Researchers showed that ATP-dependent NBD dimerization alone was not enough to open the gate, as previously proposed. Rather, ATP’s breakdown altered the shape of the NBD-dimerized CFTR, twisting its shape on the opposite side of the membrane, opening the gate, and allowing chloride ions to flow.
“The most satisfying thing about this work is that we have answered a question about how CFTR works that has been a subject of debate in the field for many years,” Chen said. “Every individual method has limitations, so you can have good data but still not have the answers.”
Two CF-causing variants — G551D or L927P — are known as gating mutations because they block the CFTR channel from opening.

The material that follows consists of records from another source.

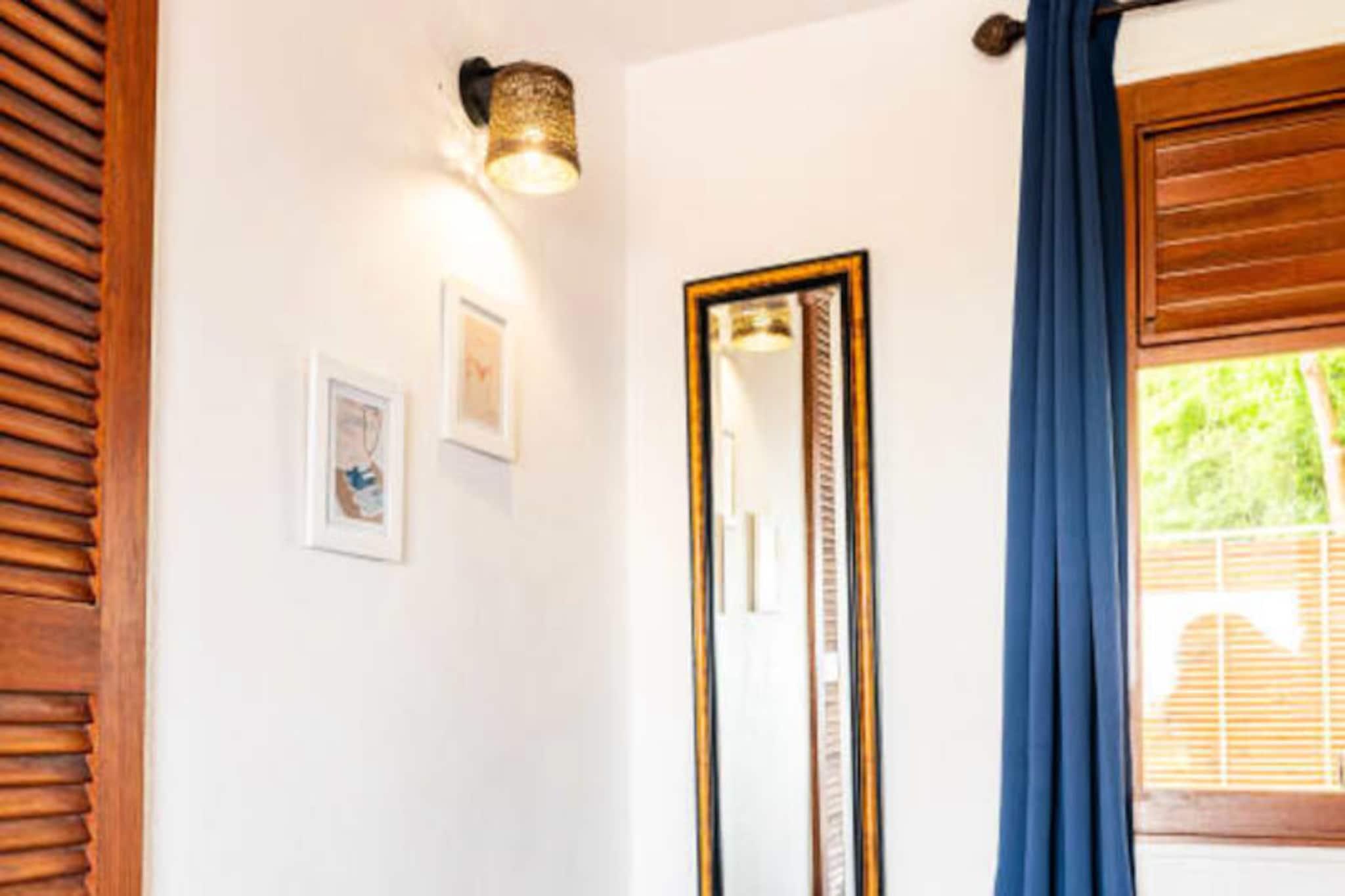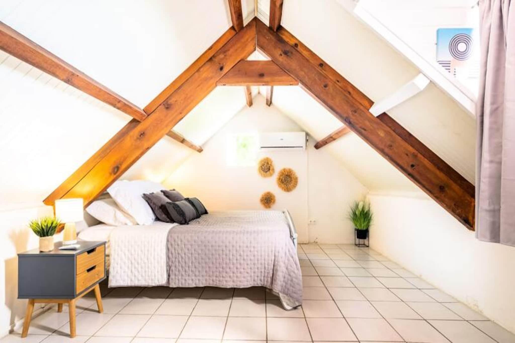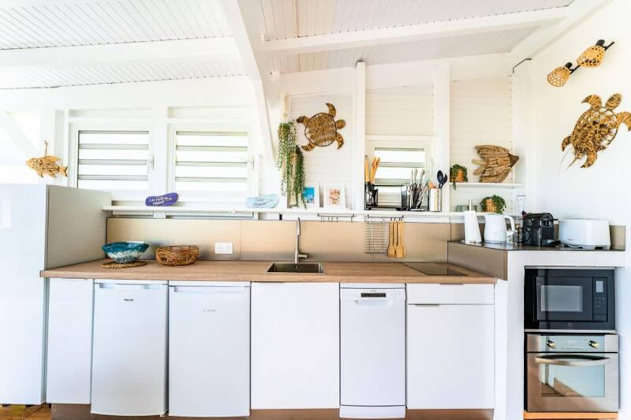 På den fredfyldte ø Marie-Galante, hvor tiden synes at gå langsommere, tilbyder Ti Moca-villaen en rolig oase med betagende udsigt over Les Saintes, Dominica og Guadeloupe. Dette elegante tilflugtssted inviterer dig til at slappe af midt i frodige omgivelser, hvor den blide caribiske brise og lyden af ??bølger sætter tonen for dit ophold. Uanset om du nipper til en morgenkaffe på terrassen eller ser solen synke ned under horisonten, føles hvert øjeblik her som et postkort, der kommer til live. Ti Moca er designet til at rumme op til seks gæster og har tre soveværelser med aircondition, inklusive et charmerende værelse ovenpå, og to veludstyrede badeværelser. Villaens udendørskøkken er et dejligt sted at tilberede måltider, mens spiseområdet er perfekt til at dele latter og lokale delikatesser med dine kære. Den private swimmingpool tilbyder en forfriskende oase, og poolhåndklæder er omhyggeligt udleveret for din bekvemmelighed. Hver detalje, fra villaens luftige layout til dens sengetøj i hotelkvalitet, er blevet kurateret for at sikre maksimal komfort. Ti Moca ligger i Grand-Bourg, kun en kort køretur fra øens mest fantastiske strande, herunder La Feuillère og Anse Canot, hvor turkisblåt vand og blødt sand venter. Den nærliggende landsby tilbyder alle nødvendige faciliteter, fra supermarkeder til kreolske restauranter og pulserende lokale markeder. For naturelskere giver øens vandrestier og sukkerrørsmarker et glimt af dens autentiske charme og naturlige skønhed. Uanset om du søger afslapning, eventyr eller en blanding af begge dele, er Ti Moca den perfekte base for at skabe uforglemmelige minder under den caribiske sol. Kombiner det med den nærliggende Villa Moca for større grupper, og lad øens magi udfolde sig omkring dig.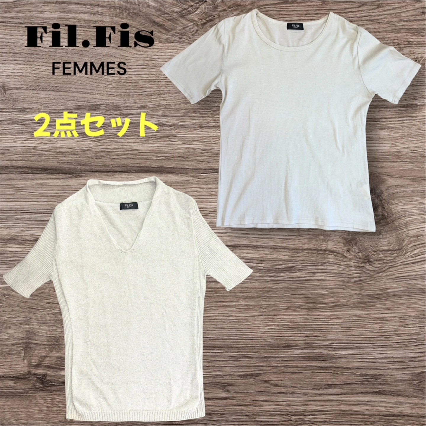 Fil.Fisの半袖Tシャツと半袖サマーニットの2点セット ☆美品 ☆レディース 【半袖Tシャツ】 ☆カラー…ベージュ ☆サイズ…38 (平置採寸)肩幅:36、身幅:40、袖丈:21、着丈:52 【半袖サマーニット】 ☆カラー…グレー ☆ラメ入りでキラキラして可愛いです ☆サイズ…表記なし (平置採寸)肩幅:35、身幅:37、袖丈:19.5、着丈:56 ※平置採寸は採寸上、多少の誤差がありますのでご了承ください どちらもほとんど使用していないので、目立った汚れや破れ等もなく美品です! 他サイトでも出品中です。 他で売れた場合、急に削除しますので、ご了承ください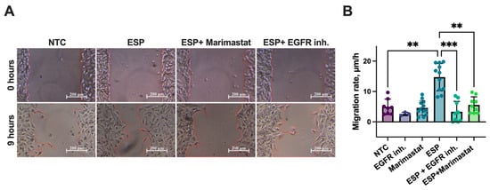 A similar inhibitory effect was observed during the assessment of the cell migration rates. The migration rate of H69 cells in the ESP and EGFR inhibitor group was decreased by 4.4 fold (p = 0.001), while Marimastat reduced it by 2.6 fold (p = 0.003), compared to cells treated with the ESP alone. Notably, the cell migration rates in the groups treated with either inhibitor did not increase and remained similar to that of the untreated control group (NTCs) (Figure 6A,B).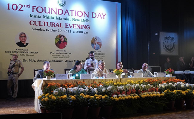 सभागार के अंदर जामिया तराना के गायन के साथ समारोह की शुरुआत हुई, जिसके बाद मुख्य अतिथि और अन्य गणमान्य व्यक्तियों का अभिनंदन किया गया. प्रो. फरहत नसरीन, इतिहास और संस्कृति विभाग, जामिया, सुश्री मिर्जा शाइना बेग और नवी हसन, विश्वविद्यालय के छात्रों ने शानदार इतिहास और जामिया की 102 साल की यात्रा पर अपने ओजपूर्ण भाषणों से दर्शकों को मंत्रमुग्ध कर दिया.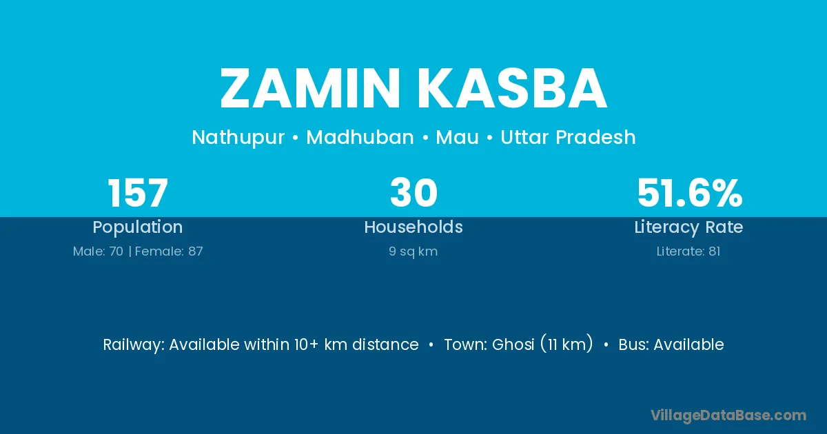 Ghosi (11 km) is the nearest town to Zamin Kasba village for major economic activities and is located approximately 11 km away.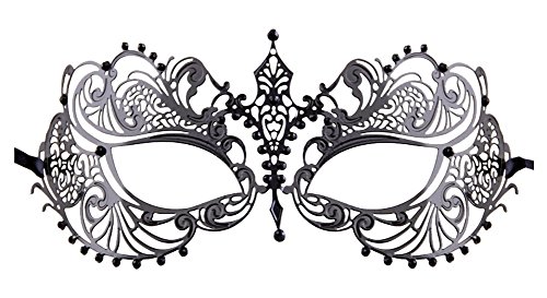 Signstek Metal Laser Cut Filigree Masquerade Venetian Party Mask, Black/Clear Stones

Data showed the G551D mutation affected the shape of the ATP binding site, which impacted NBD dimerization and disrupted the link between NBD and the gate. L927P is known to impair the transmembrane domain’s ability to mediate local shape changes during gating. Notably, this mutation also impaired NBD dimerization despite being located far from the NBDs in space.
Kalydeco (ivacaftor), an approved CF treatment, and the investigational therapy GLPG1837 are both potentiators, a class of CFTR modulators that work by binding to the transmembrane domain and holding the CFTR gate open.
Data showed that neither potentiator influenced NBD dimerization, or their coming together in space. Instead, they promoted gate opening when NBDs are already dimerized by enhancing the pathway linking the NBDs to the channel gate, “possibly by stabilizing the transmembrane domains in the pore-open configuration,” the researchers wrote.
“There is potential here to help cystic fibrosis patients by learning about the structure and behavior of CFTR,” said Jesper Levring, the study’s first author with Chen’s lab. “Looking at these molecules one at a time using these methods — single-channel electrophysiology and smFRET — we could correlate the function of the channel with the [shape] changes and relate it back to the underlying structural biology.”